A total of 54 EC samples from three EMs subtypes (OE, PE, DIE) and 58 EU samples were analyzed, from which we obtained 148 common DEGs among three subtypes, and 729 specific DEGs in OE, 777 specific DEGs in PE and 36 specific DEGs in DIE. The most enriched pathway of 148 shared DEGs was arachidonic acid (AA) metabolism, in which most genes were up-regulated in EC, indicating inflammation was the most common pathogenesis of three subtypes. Besides, five hub genes AURKB, RRM2, DTL, CCNB1, CCNB2 identified from the PPI network constructed by 148 shared DEGs were all associated with cell cycle and mitosis, and down-regulated in EC, suggesting a slow and controlled proliferation in ectopic lesions. The KEGG pathway analysis of specific DEGs in each subtype revealed that abnormal ovarian steroidogenesis was a prominent feature in OE; OE and DIE seems to be at more risk of malignant development since both of their specific DEGs were enriched in the pathways in cancer, though enriched genes were different, while PE tended to be more associated with dysregulated peritoneal immune and inflammatory microenvironment.

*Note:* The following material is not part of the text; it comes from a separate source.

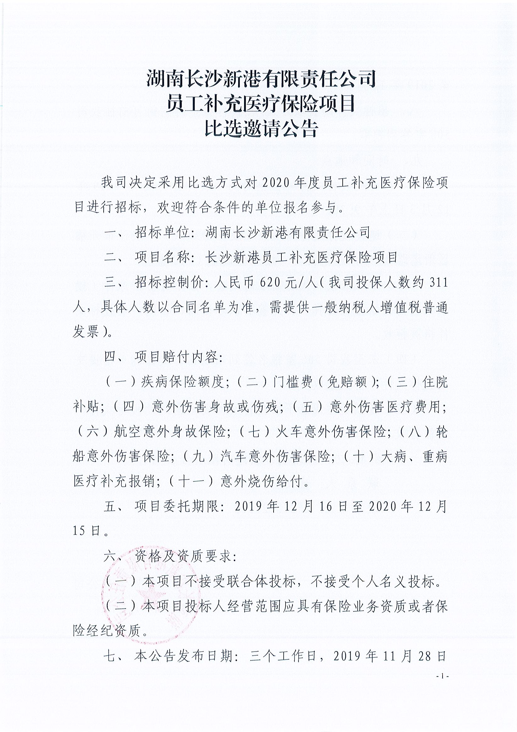 湖南長沙新港有限責任公司員工補充醫療保險項目比選邀請公告

By integrated bioinformatic analysis, we explored common and specific molecular signatures among different subtypes of endometriosis: activated arachidonic acid (AA) metabolism-related inflammatory process and a slow and controlled proliferation in ectopic lesions were common features in OE, PE and DIE; OE and DIE seemed to be at more risk of malignant development while PE tended to be more associated with dysregulated peritoneal immune and inflammatory microenvironment, all of which could deepen our perception of endometriosis.
确定三种明确的子宫内膜异位症(EMs)亚型的共同和特定分子机制:卵巢子宫内膜异位症(OE)、腹膜子宫内膜异位症(PE)和深部浸润性子宫内膜异位症(DIE)。

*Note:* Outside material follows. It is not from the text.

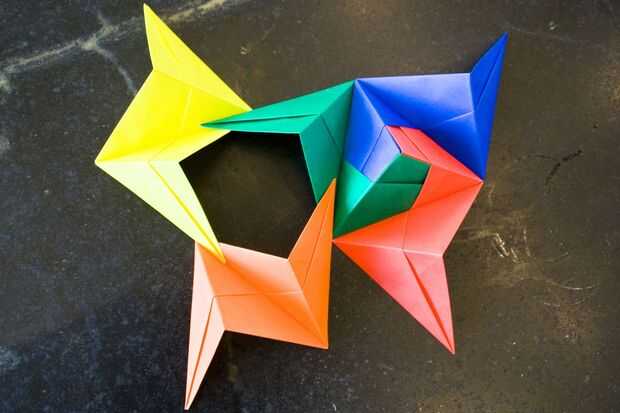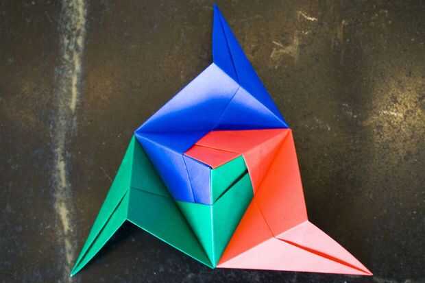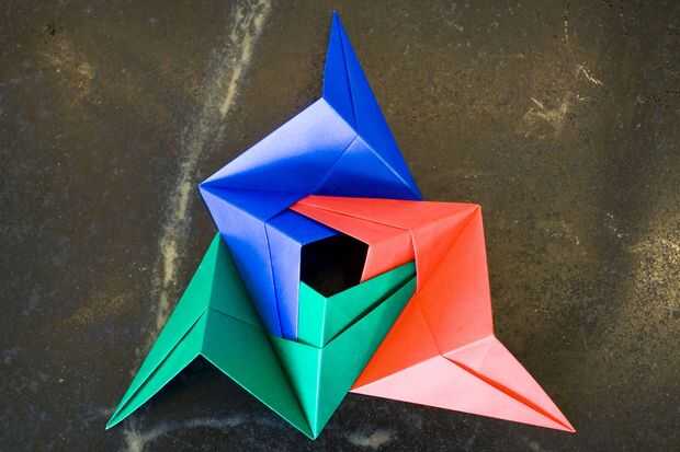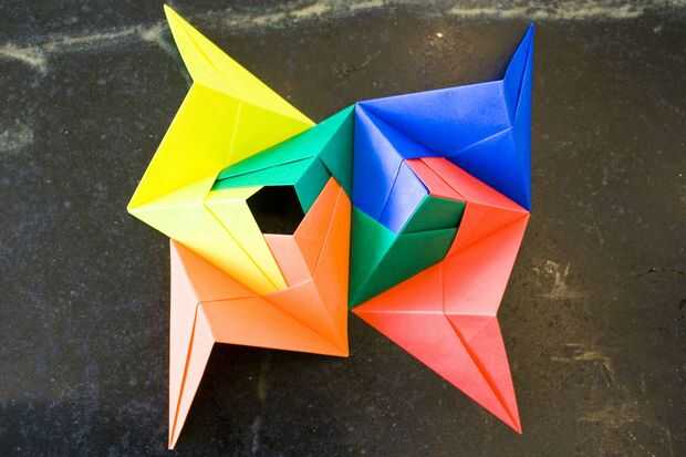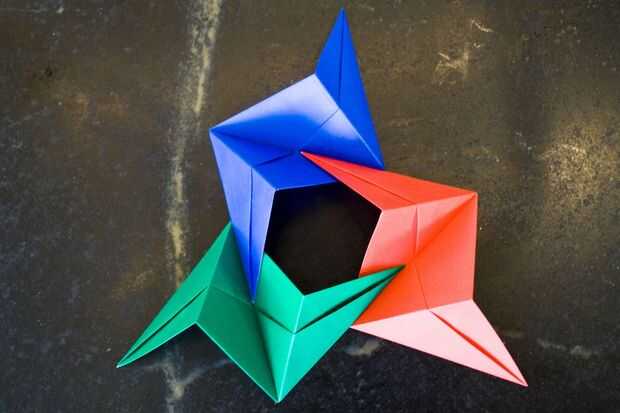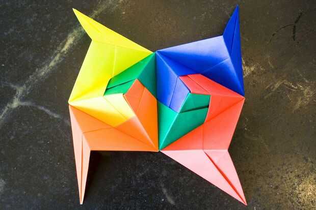 La pieza acabada de origami modular a continuación es un Octaedro estrellado con 12 unidades de Sonobe.

从公共数据库下载四个微阵列数据集:用于OE的GSE7305和GSE7307、用于PE的E-MTAB-694以及用于DIE的GSE25628,并进行分析以比较EMs患者的异位病灶(EC)和在位内膜(EU)。使用limma软件包鉴定出的差异表达基因(DEGs)分为两部分:三种亚型之间的共同DEGs和各亚型中的特定DEGs,随后对这两部分基因均进行京都基因与基因组百科全书(KEGG)通路富集分析。通过共同DEGs构建蛋白质-蛋白质相互作用(PPI)网络,并从PPI网络中筛选出五个枢纽基因。此外,在一个独立的OE RNA测序数据集GSE105764中进一步验证了这五个枢纽基因以及选定的感兴趣的通路相关基因。

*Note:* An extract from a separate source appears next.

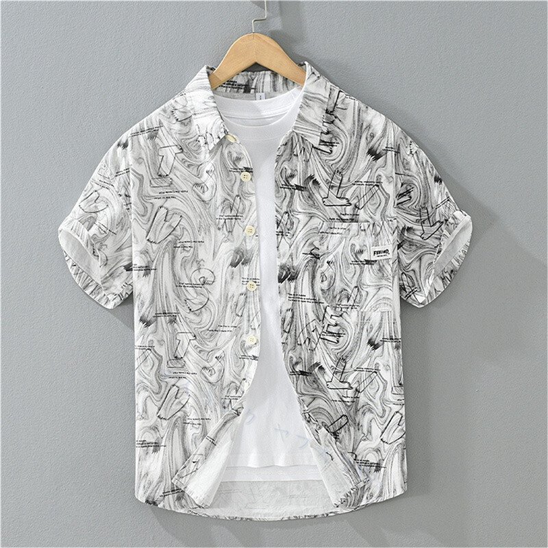 - ☆新品 半袖シャツ 夏服 カジュアルシャツ サマーシャツ トップス コットンシャツ 総柄 黒 3XL選択

共分析了来自三种EMs亚型(OE、PE、DIE)的54个EC样本和58个EU样本,从中我们获得了三种亚型之间的148个共同DEGs,以及OE中的729个特定DEGs、PE中的777个特定DEGs和DIE中的36个特定DEGs。148个共享DEGs中最富集的通路是花生四烯酸(AA)代谢,其中大多数基因在EC中上调,表明炎症是三种亚型最常见的发病机制。此外,从由148个共享DEGs构建的PPI网络中鉴定出的五个枢纽基因AURKB、RRM2、DTL、CCNB1、CCNB2均与细胞周期和有丝分裂相关,且在EC中下调,提示异位病灶中增殖缓慢且受到控制。对各亚型中特定DEGs的KEGG通路分析显示,异常的卵巢类固醇生成是OE的一个突出特征;OE和DIE似乎有更高的恶性发展风险,因为它们的特定DEGs均在癌症相关通路中富集,尽管富集的基因不同,而PE则更倾向于与腹膜免疫和炎症微环境失调相关。
通过综合生物信息学分析,我们探索了不同亚型子宫内膜异位症之间的共同和特定分子特征:激活的花生四烯酸(AA)代谢相关炎症过程以及异位病灶中增殖缓慢且受到控制是OE、PE和DIE的共同特征;OE和DIE似乎有更高的恶性发展风险,而PE则更倾向于与腹膜免疫和炎症微环境失调相关,所有这些都可以加深我们对子宫内膜异位症的认识。